Review by Maya Goldfarb

I have never, in person, seen skywriting before, but I spend a good deal of time looking at clouds. I’ve always liked clouds. I like that they’re transient, amorphous. They carry whatever meaning I give their shape until that shape changes, or dissipates altogether. It is generally accepted that the human brain struggles to accept indeterminacy; that is, we are constantly faced with the urge to ascribe meaning to something, a meaning that then becomes an understanding. This feels somewhat burdensome to me sometimes, knowing all too well that quality of fleeting impermanence, and I find myself wondering about the purpose of giving meaning to something that is only ever floating away.  

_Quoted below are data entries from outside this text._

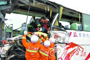 事故發(fā)生后,消防中隊指揮員立即對現(xiàn)場情況進行偵查,發(fā)現(xiàn)事故車輛分別為1輛旅游大巴和1輛垃圾清掃車,兩車共有4名被困人員,而且都有不同程度的受傷。經(jīng)過20分鐘的努力,兩輛車的4名被困人員全部救出,交由120救護車緊急送往醫(yī)院治療。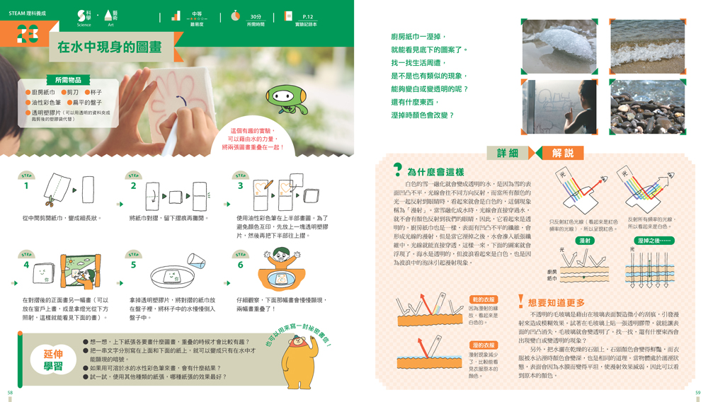 每個活動皆附有給親師的「詳細解說」,可作為探討實驗的話題,並搭配實際照片連結日常。在陪伴孩子閱讀、動手做的同時,除了能適時說明相關的知識或常識,輕鬆理解活動背景和實驗原理,也能以此作為學習的延伸,激發孩子運用創新思維解決問題。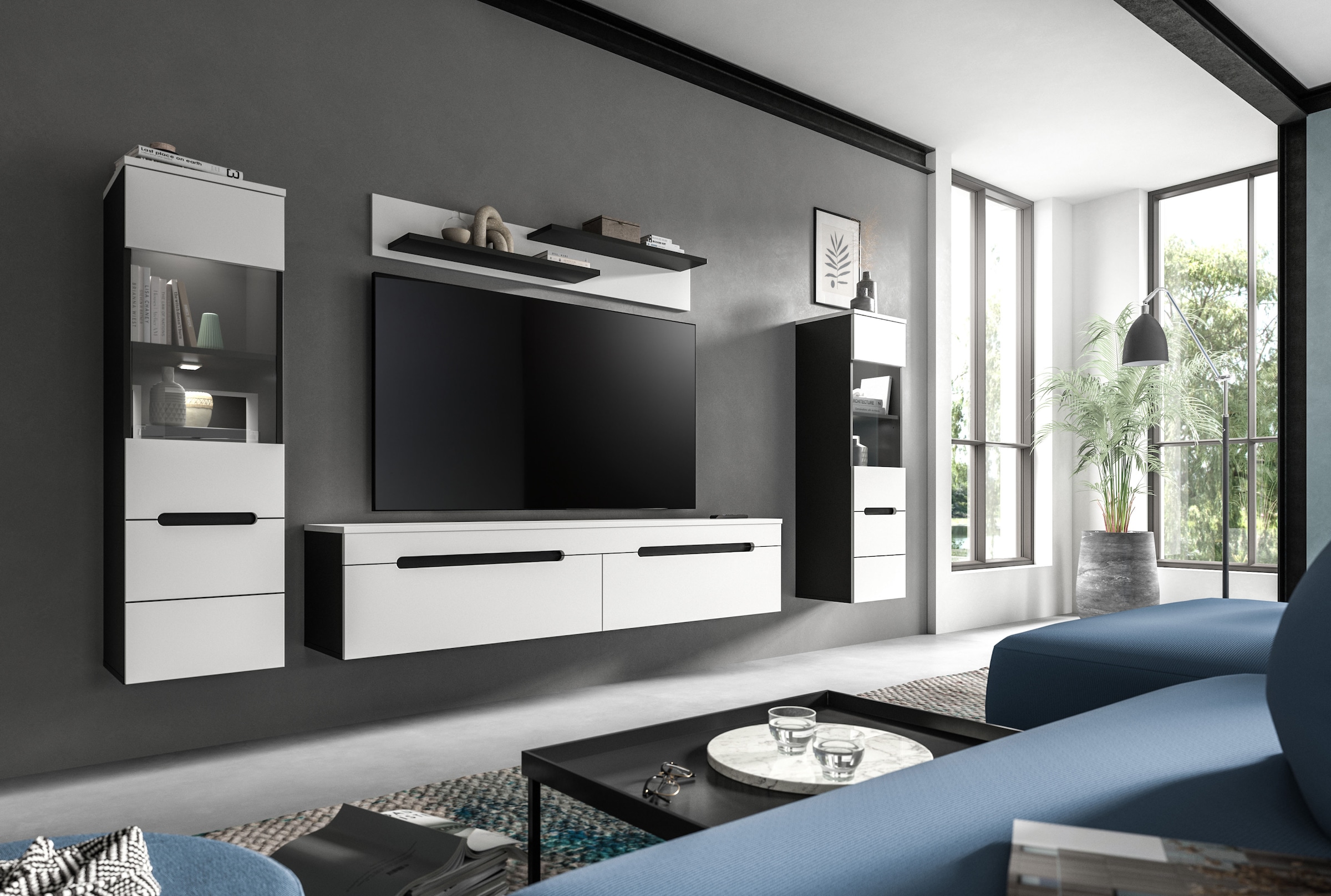 Solche mehrteiligen Wohnwände wirken dank der einheitlichen Gestaltung wie aus einem Guss und bringen zugleich Abwechslung in den Raum. Dafür sorgen die unterschiedlichen Höhen der einzelnen Elemente, Glaseinsätze oder Materialmixe, etwa in Form von Holz und Hochglanzoberflächen. Wie Sie die Möbel arrangieren, bleibt Ihnen überlassen: Wandregale passen zum Beispiel über den Fernseher oder daneben, Wandschränke lassen sich für ein aufgeräumtes Bild in einer Reihe oder kreativ in verschiedenen Höhen befestigen. So lassen Sie Ihren Vorlieben freien Lauf und gestalten eine individuelle Wohnwand nach Wunsch.

I have now, in pictures, seen a great deal of skywriting; Martone’s book is filled with these photographs and their whimsical backstories. Misspellings, miscommunications, romantic missteps, and many, many plane crashes color the life of Art Smith through a seamless blend of fact and fiction in a literary form that I can’t seem to pin down. Not quite a biography, but not entirely a work of fiction either, Martone’s mythology is a self-defining exploration of purpose. With lighthearted ease, he tells the story of Art Smith’s skywriting career for no apparent reason other than to do just that, and to wonder at what motivated self-expression on such an expansive canvas, looking carefully at “how vulnerable it all seemed from above.”

Martone seems wholly unfamiliar with the feeling of my cloud-shape anxiety, and I think he shoulders the burden of meaning a bit better than I. Art Smith, The Bird Boy of Fort Wayne, fulfills the first step of overcoming indeterminacy by giving shape to the clouds through his skywriting; Michael Martone, author and editor, embraces and exceeds the task of giving meaning through each brief story (I think that he truly enjoys it, too). The actual impermanence of Art Smith’s skywriting has little to do with its meaning, and that meaning doesn’t have to be a burden. Maybe something that spells out “CLOUD” and is described by onlookers as “an artificial cloudlike cloud” is really just a cloud. There is something quite serious, and yet quite ironic, about immortalizing a man who most have never heard of alongside his work which practically disappeared as it was written, that “stuttering and impermanent imaginary geometry…the gauziest of insubstantial clouds.” Perhaps Martone knew that sometimes, when pondering the general impermanence of life, you just need a bit of a laugh. 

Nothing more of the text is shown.